宋憲縱馬到曲陽城外,卻見城頭上冷冷清清,連個人影都沒有。
「城上可有人值守。」
宋憲大聲問道。
片刻後,從箭樓垛口上探出一個人來,懶洋洋的問道:「縣長有命,今日曲陽不開城門……凡過往人員,請繞曲陽行。非縣長與宋將軍之命,任何人不得出入。
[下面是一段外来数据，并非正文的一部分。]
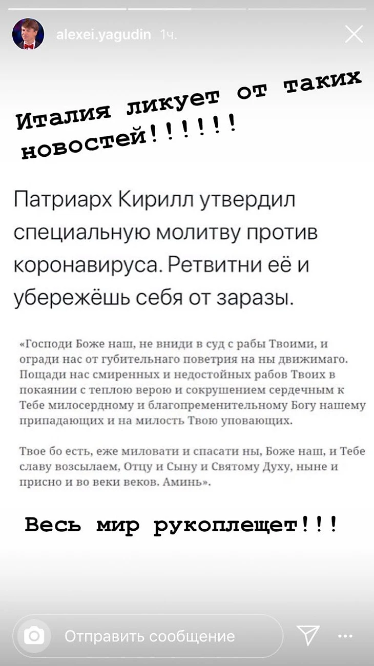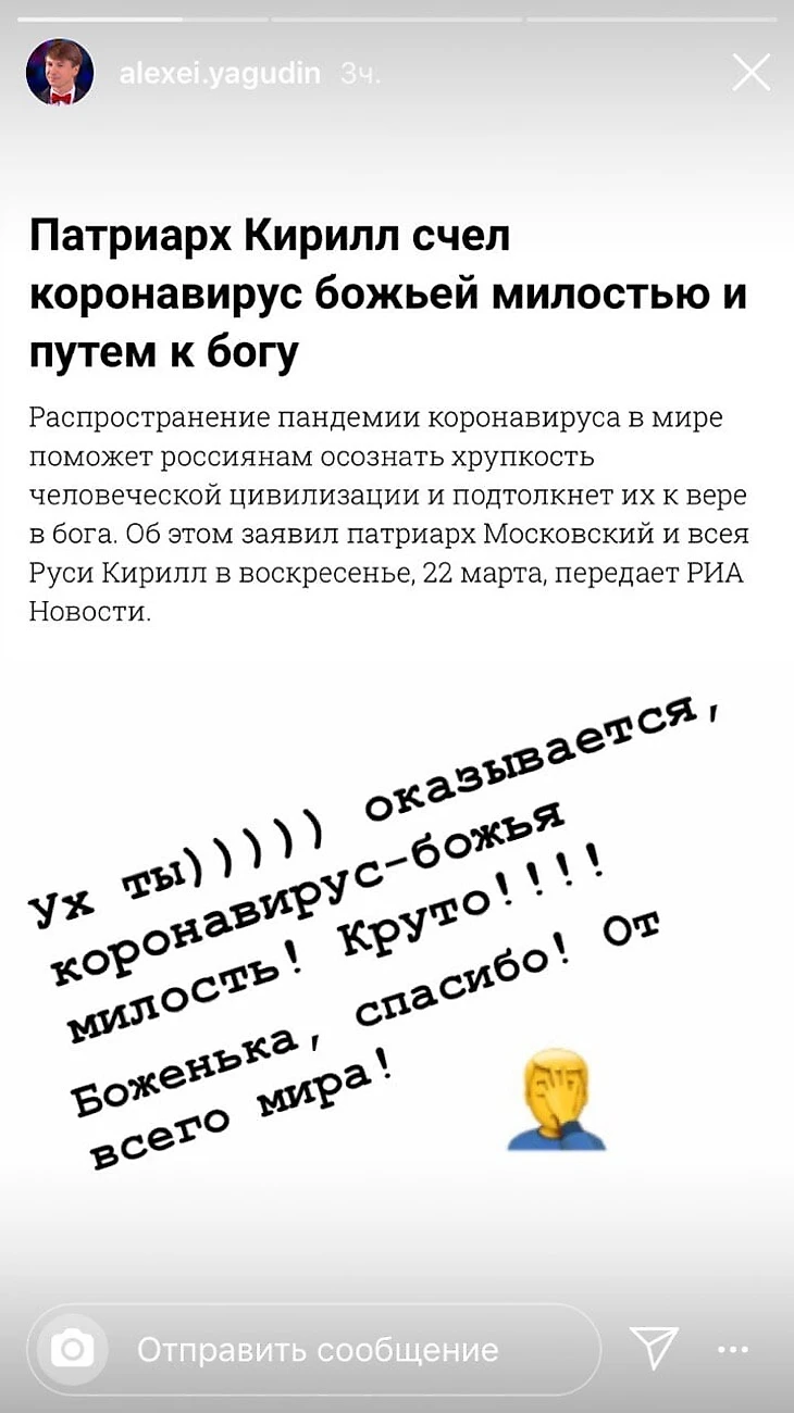Ягудин вникает в коронавирус: 10 дней назад называл его чушью, теперь иронизирует над Патриархом и специальной молитвой

你們快點走吧……」
宋憲不禁愕然,同時這心裏面,又有些開懷。
縣長,和宋將軍?
那不就是在說我嗎?這王模倒是個有眼色的人,將來迴轉下邳之後,定要向溫侯好生舉薦。
他大聲喝道:「某家就是宋憲。」
「你是宋將軍?」
箭樓上的人,明顯一愣,旋即哈哈大笑。
「你若是宋將軍,那我就是呂溫侯了……哈哈哈,宋將軍昨日才離開,哪會是你這等模樣。」
宋憲的臉頓時通紅。
這傢伙可一點都不討喜……
「某家就是宋憲,有我虎符可以證明。速速稟報王縣長,就說軍情緊急,命他立刻打開城門。」
說著,宋憲取出虎符,在手中搖晃了一下。
「真是宋將軍!」
城上小校不由得大吃一驚,連忙呼喊道:「城下速開城門,是宋將軍回來了。」
宋憲這懸著的心,頓時放回了肚子里。不過想想,也真夠丟人!昨天自己是浩浩蕩蕩開拔,時隔一天,卻灰溜溜的回來。六千大軍,六千大軍啊……宋憲想起來,就覺得一陣心痛。
城門吱呀呀打開。
宋憲催馬就往城門行去,眼見就快到城門口的時候,忽聽城門洞里有人喝道:「哪個是宋憲。」
誰這麼沒有禮貌,竟敢直呼我的名字?
宋憲勃然大怒,忙抬起頭向城門洞里看去。只聽一陣馬蹄響,伴隨著若有若無的鈴鐺聲。一匹快馬自城門洞中衝出,馬上大將身穿百花錦緞子戰袍,外罩一件獅蠻寶甲,腰系玉帶。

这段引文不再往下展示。